It was Trinidad's own local weekly, dated the previous Friday. Midway down the front page was the headline that had caught the kid's eye: Dr. Pickett Found Dead. Chris snatched the sheet from JD's hands, skimming rapidly over the brief article that accompanied it. Then he reached into the pocket of his tailored vest and slammed a coin on the counter. "We're taking this," he said.

"Wait--sir, your change!" the girl objected. "This is a dime, and the paper's only three--"

Larabee hadn't waited. He was already out the door, his duster swirling around him like a storm cloud, his men following in a ragged clump. Once on the sidewalk he paused just long enough to glance up and down through the diminishing light until he located the sheriff's office, then strode toward it with the air of a man willing to go through anything that got in his way, including a stagecoach if necessary.
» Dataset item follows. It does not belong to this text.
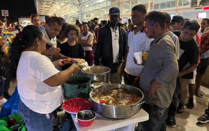 “Gracias por la comida, está muy rica, y es que la gente difícilmente nos ayuda”, dijo Laura, migrante venezolana que viaja con 4 hijos de 17, 14, 9 y 6 años de edad.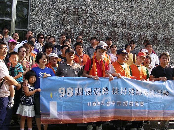 全體師生及就難協會出發前在霧峰家園門口大合照 / 大家互相合作、努力不懈,誓言登頂 霧峰教養家園 吳東展 有多久沒眺望群山萬嶺;有多久沒聽見大自然的呼吸聲;又有多久沒置身於雲海間,閉上雙眼讓時光倒轉… 7月19日我們擁有始無前例、精彩美好的旅行,這都要感謝台中縣救難協會協助瑪利亞霧峰家園所舉辦的「征服百岳、開闊視野」合歡山之旅,讓我們有不同的體驗,在攻頂剎那間,我的心底湧出一股暖流,那種喜悅是言語、筆墨難以形容的! 為了這次活動可以圓滿順利,園長、主任、各組組長、老師們及救難協會全體總動員,在出發前做好完善的規劃與準備,包括:動線的設計、醫療的支援、人力的分配與協助、物力的供應等,並有專業醫療團隊的支援讓我們可以無後顧之憂的帶領學生進行這難得的體驗,甚至還貼心地考慮到天候不佳時的替代方案,畢竟這次合歡山之旅,在特殊教育領域,可說是一項創舉!所有的一切都是希望參與者可以留下深刻美好的記憶。 從霧峰家園到合歡山約三個小時的車程,滿心期待的我們到達目的地時,看見一座座高山被浮雲環繞著,涼風徐徐地吹在臉上,心裡有一種放鬆的感覺,似乎把所有煩惱都拋開於山谷下…。但在準備攻頂時,才發現這是一條艱辛的旅程,學生們第一次體驗,也是老師們第一次的經驗,所有狀況都得臨時反應,例如:崎嶇不平的山路走起來非常吃力、高山空氣稀薄造成呼吸困難、擔心學生們當時的身體狀況是否能夠適應…等等,幸好有救難協會大力的協助,再加上主任、老師們堅持不放棄,一路的鼓勵、支持,在經歷千辛萬苦、寒風刺骨、重重危險後,我們終於突破重圍,順利攻頂! 登高才能望遠,站在三千多公尺的合歡山主峰,眺望浮雲,俯瞰地平線,眼前的美景是合作與分享後的收穫,是屬於大家共有的!此時心裡無限地感動,眼角不自覺濕潤…原來,不只我,不只老師們,連學生都可以一起『征服百岳、開闊視野』。 回憶像泉水般綿綿不斷,彷彿拼湊出片片深刻的記憶拼圖,在每一個參與旅程者心中流竄。雖然這次合歡山之旅的過程中,讓老師們又驚又喜,驚嚇程度百分百,可是最後大家一致認為對學生而言,這是一趟無可取代、成功且美好的旅程,為他們開拓了豐富的生活經驗與視野;再一次感謝台中縣救難協會帶給我們這樣的機會。

The building was soundly constructed, with rock walls eighteen inches thick, and meshes of woven metal strips protecting the windows. Inside, the front office wasn't unlike their own: a battered golden-oak desk in one corner for the head lawman, a Franklin stove in another, a small but heavy key-locking iron safe in a third, a banjo clock on the wall, a standing gun cabinet, a large bulletin board papered with layers of dodgers, and a flattop desk for the deputy fronting the filing cabinets that were generally his responsibility. A thick oaken door, studded with iron hinges and bolted with thick round tongues of the same, presumably led to the cell bloc. The sheriff was a weatherbeaten man of Chris's age or beyond, with a firm jaw, a prominent beak of a nose, high cheekbones and squinty plainsman's eyes. He wore a rather narrow-brimmed hat with four dents in the crown bringing the top to a sharp peak, a blue serge coat over a plain nankeen vest, a good shirt with a turned-down collar and a black silk four-in-hand tie. A trailing dark handlebar mustache hid his upper lip. He was conferring with his deputy, a younger, clean-shaven, sun-browned man in the collarless shirt, colorful bandanna, and dove-colored chamois jacket of a working cowboy. They both looked around alertly as the six men entered their office, making it suddenly very crowded.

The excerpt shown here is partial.